Thanks! I will have to read through your message multiple times to filly understand.

But, in short, if Ransomware takes down ADS/DNS, then restoring them from Snapshots won’t help, we will have switch the ADS to the remote site - SV destination, and then SMB clients get connected there. Is my understanding correct?

elementx · ‎2021-12-14

Restoring from a snapshot can help you, but ONTAP (or VMware) cannot know what's going on out there (if all ADS VMs are being restored from a snapshot, or just some) or even that the VM snapshot you're restoring is an Active Directory VM.

It can guarantee to give you the exact image of the VM as it was when you took that snapshot.

From there, you need to assess the situation: am I restoring all or just one of ADS nodes?

Am I on Hyper-V, in which case (assuming it got infected at 1pm) I can restore a snapshot taken at noon, and then from that Hyper-V snapshot restore ADS VM "software" snapshot taken with Hyper-V at 11:50am?

And not everyone prepares for all scenarios or has multiple sites.

If you have two ADS servers in the same location, you could take a snapshot of the both at the same time, and then even if just one gets infected, you can test what's better for you:

- Restore the both at once, or

- Restore only the infected one

Maybe the answer would depend on what else happened (such as did other Windows get infected too, or can you even figure out if the other ADS is or isn't infected - maybe you can't, so you'd just restore the both, as well as all other Windows VMs, especially if all have snapshots from the same time).
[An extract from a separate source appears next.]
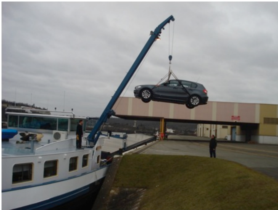
Photo 2 : Le débarquement de la voiture – port de Limay, C. PAUL, 2011.

n'a rien d'évident, pour des raisons à la fois pratiques, socio-économiques et culturelles. D'un point de vue pratique, à l'instar du « rural isolé » (Bigard et Durieux, 2010), le temps d'accès aux équipements dits urbains (services marchands et non marchands) peut-être très élevé pour cette population du fleuve. Nous avons développé combien les haltes portaient plus à l'isolement qu'à l'ouverture, et même lorsque celles-ci sont suffisamment aménagées et à proximité des centres urbains, l'accès à ces derniers peut être semé d'embûches. Après avoir amarré leur embarcation, il leur arrive couramment d'être confrontés à de nombreuses barrières physiques, telles que les clôtures et grilles de sécurité des différents chantiers et entreprises fluviales, nombreuses le long des berges (Paul, sous presse ). C'est une facette de la « grande déconnexion » entre le fleuve et la ville (Frémont, 2012). Par ailleurs, si les bateliers parviennent à débarquer leur voiture à terre en ces lieux, ils se trouvent souvent confrontés à des voies sans issue. Les différents obstacles auxquels ils doivent faire face illustrent bien le confinement de ce groupe professionnel dans des lieux en marge des espaces urbains mais parfois tout proches des grands centres urbains.

By the way, in the previous comment I mentioned how all password changes since the snapshot would be rolled back if all ADS instances are restored; this means that not only SMB users, but also many other accounts could be stuck - e.g. IIS Web server's password to SQL Server, etc.

Only you know how often you change account or service passwords or other settings that would get rolled back (DNS entries, for example), so there's no recipe that is foolproof and can apply to all.
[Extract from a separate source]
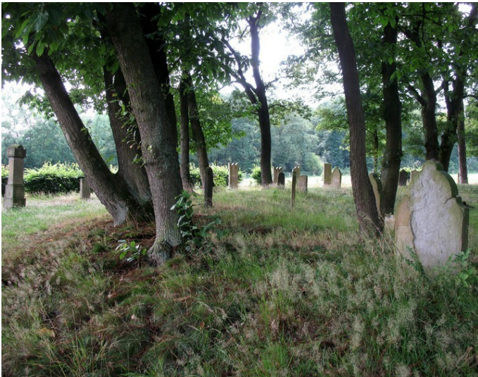
Der jüdische Friedhof am Heesberg in Xanten (2010).

Maybe if you take a snapshot of everything you have, and restore all VM snapshots at once, that's one of rare scenarios in which you'd just need to consider just how to let ADS sync with the current time, and then power on the rest of the VMs and let them catch up.
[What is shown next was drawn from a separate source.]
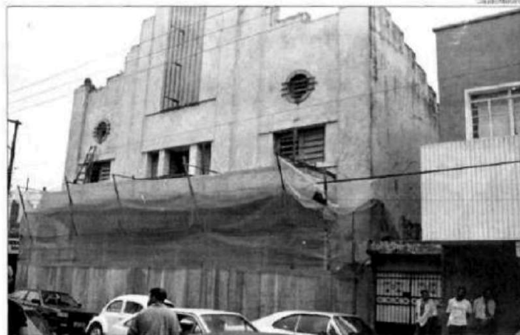
O prédio está sendo reformado

E quanto à duração do contrato da Igreja com a imobiliária o pastor comentou: "Para nós a mudança é para sempre. Sair dali só se for para um lugar muito melhor". Um caso interessante mencionado pelo pastor é a existência de uma inscrição no local datada de 28/03/39 com os dizeres: Teatro Universal e que, segundo ele, após 60 anos agora se concretiza uma coisa que parece uma coincidência, mas que já estava determinado por Deus.

Thankfully, it's not too hard to test.

Create three VMs (two ADS and one generic Windows), put them on an isolated LAN, create a new AD Forest (contoso.com or whatever), try to add users and DNS entries, take a snapshot of all 3, so that you have a "last known good snapshot", and then try different scenarios. For example, take another snapshot of ADS2, delete some entries, shut it down, wait 15 mins, make some changes in ADS1 (create a new user, change a password, create new alias in DNS service), then restore ADS2 from that last snapshot and check how it catches up with regard to AD entries, system time, etc.

Check the AD and OS logs on ADS2, make sure you're happy with the result and that the Windows client can authenticate and otherwise get correct results from ADS2 (at this point you could shut down ADS1 so that only ADS2 is being used for these tests).

Then restore all 3 VMs to the baseline snapshot and try another test - power them on, take another snapshot, delete AD data and/or other system files from both, try to restore the both from that most recent snapshot.

I'd still have a PowerShell script that dumps ADS data to ONTAP SMB share, so that you can quickly set up a completely new ADS VM anywhere, by simply restoring this backup.